> [Directions for this task] Among the entries below, which lines run from the line with "Anatol Starkou, О" through the line with "- Brazil has"? Retype those, both ends included, exactly and without pictures.

> [Study material]
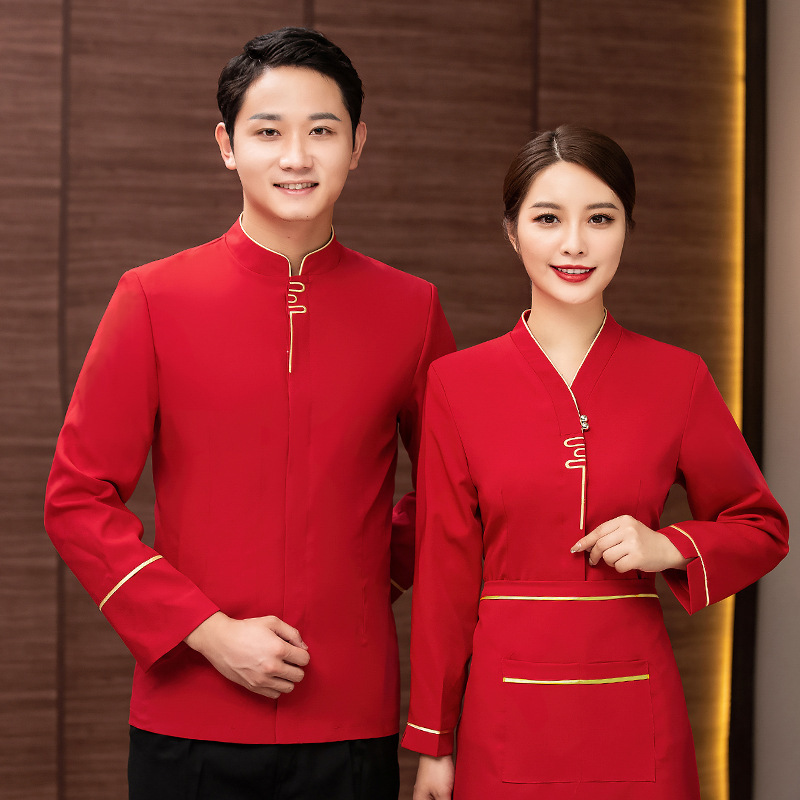 ホテル作業服秋冬服女火鍋店レストランレストラン茶楼中国式従業員長袖男性印字ロゴ
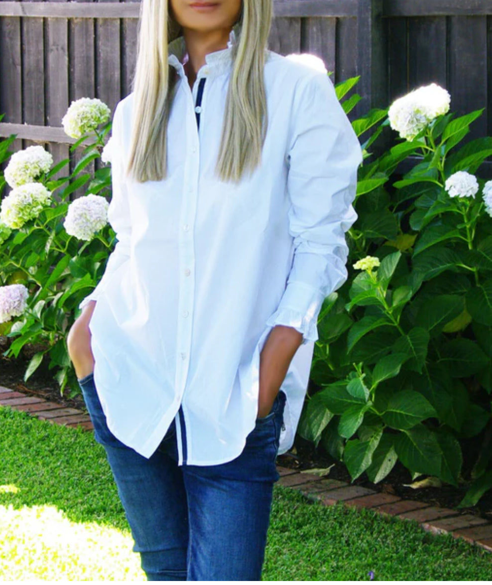 Maple is a stunning wardrobe staple item. She's long sleeve with a small frill on the end off the cuff with two pearl look buttons to fast a navy straight down stripe on the under side of the button up front and frill stand up collar just like the Poppy shirt.
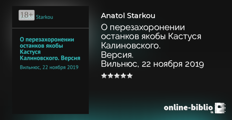 Anatol Starkou, О перезахоронении останков якобы Кастуся Калиновского. Версия. Вильнюс, 22 ноября 2019 — скачать в fb2, txt, epub или pdf
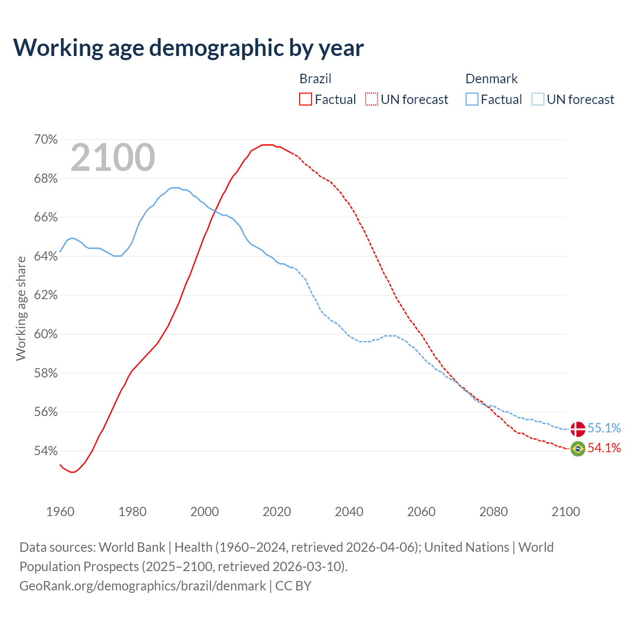- Brazil has 148M working age adults (aged 15-64) vs 3.83M in Denmark.
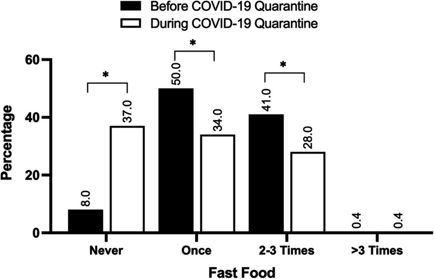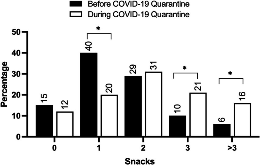 The frequency of snack consumption before and during the COVID-19 lockdown. The values are expressed as the percentage of participants. N = 238. *Indicates significance at p < 0.05.
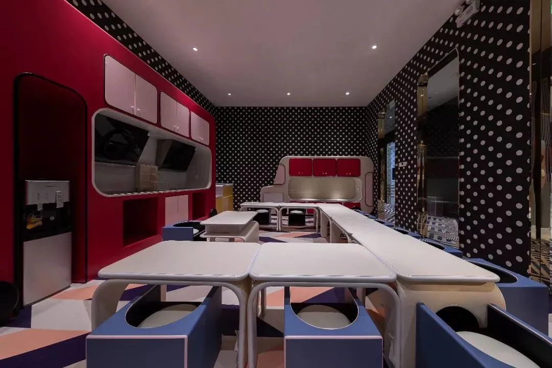 充满神秘感和奇幻色彩的星空背景与怪趣十足的迎宾台,在镜面吊顶的叠加作用下,为前台接待区营造了一种突破次元的超现实感,仿佛穿越到了一个只存在于童话之中的梦幻王国。
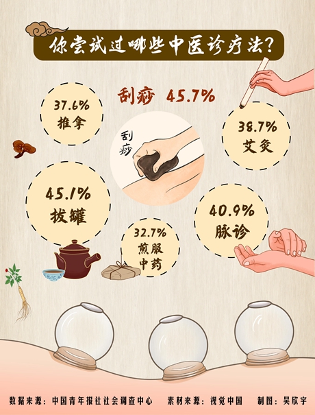 上周,中国青年报社社会调查中心联合问卷网(wenjuan.com),对1000名受访者进行的一项调查显示,74.3%的受访青年觉得自己有中医养生意识,94.0%的受访青年了解过中医养生的相关理念,93.3%的受访青年尝试过各式中医诊疗法。
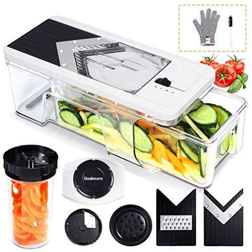 Godmorn Ajustable Cortadora de verduras Mandolina Cuchilla en V Mandolina Trituradora con contenedor de cajones, Rebanadora de 5 intercambios, Rallador, Juliana, Cinta y cuchillas en Espiral
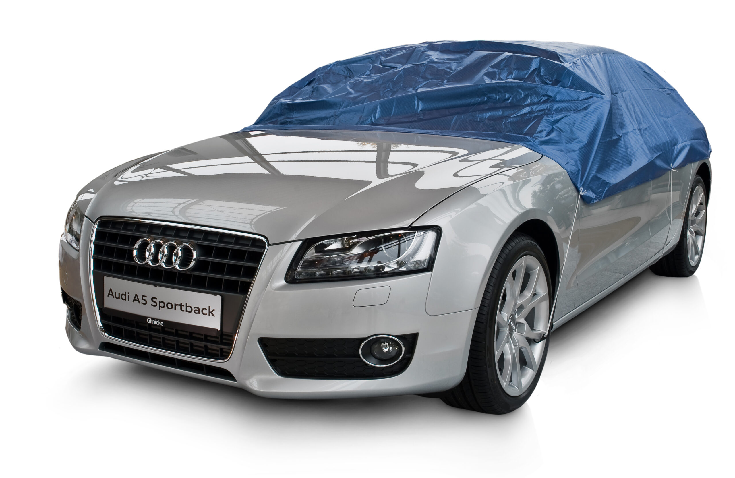 Von einer Person mühelos über das Fahrzeug gezogen, wird diese Halbgarage mit lackschonenden Kunststoffhaken und Gummizügen in den Radkästen befestigt. Abnehmen und losfahren.
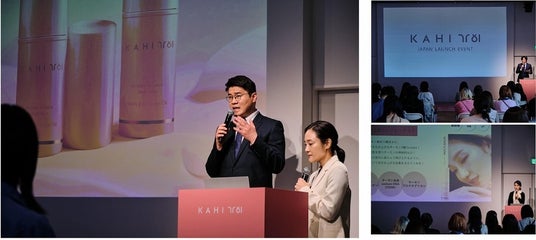 発表会の冒頭では、KOREATECH代表 イ・ドンヨル氏が登壇し、「KAHIというブランド名は、ハングルの始まりと終わりの文字をとって名付けられ、“美しさの始まりから終わりまで”を意味しています。また、ハングルは “誰もが簡単に”習得できるように作られた文字で、KAHIというブランド名もその成り立ちを見習い名付けられました。」とブランドの原点を語りました。
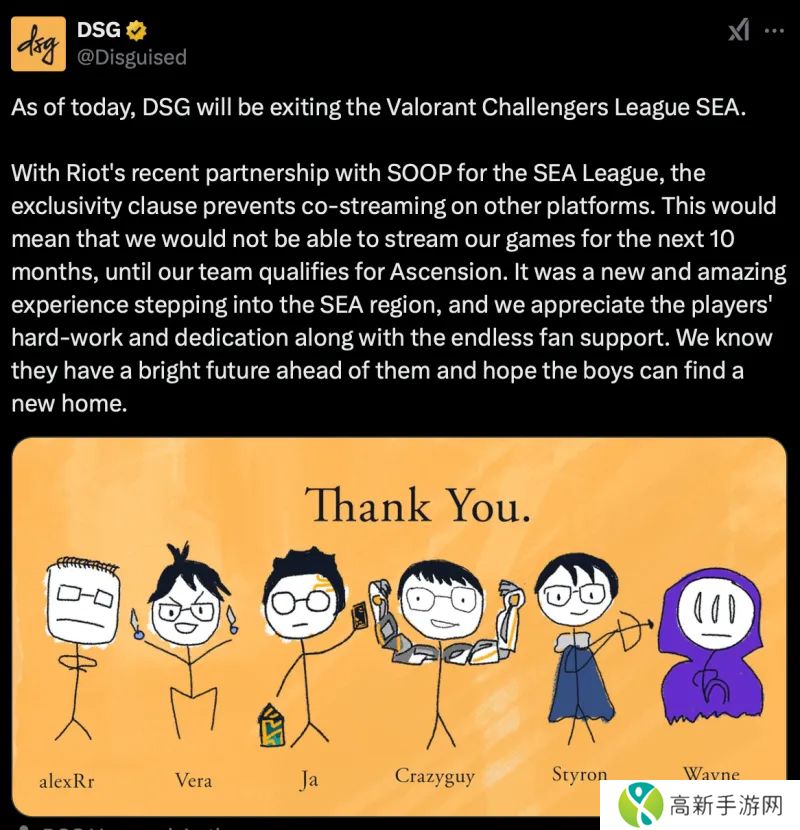 东南亚挑战者联赛DSG战队官宣:由于比赛无法直播,决定退出联赛原文大意如下:自今日起,DSG战队将退出东南亚挑战者联赛(Valorant Challengers League SEA)。鉴于Riot

> [Task result]
 Anatol Starkou, О перезахоронении останков якобы Кастуся Калиновского. Версия. Вильнюс, 22 ноября 2019 — скачать в fb2, txt, epub или pdf
- Brazil has 148M working age adults (aged 15-64) vs 3.83M in Denmark.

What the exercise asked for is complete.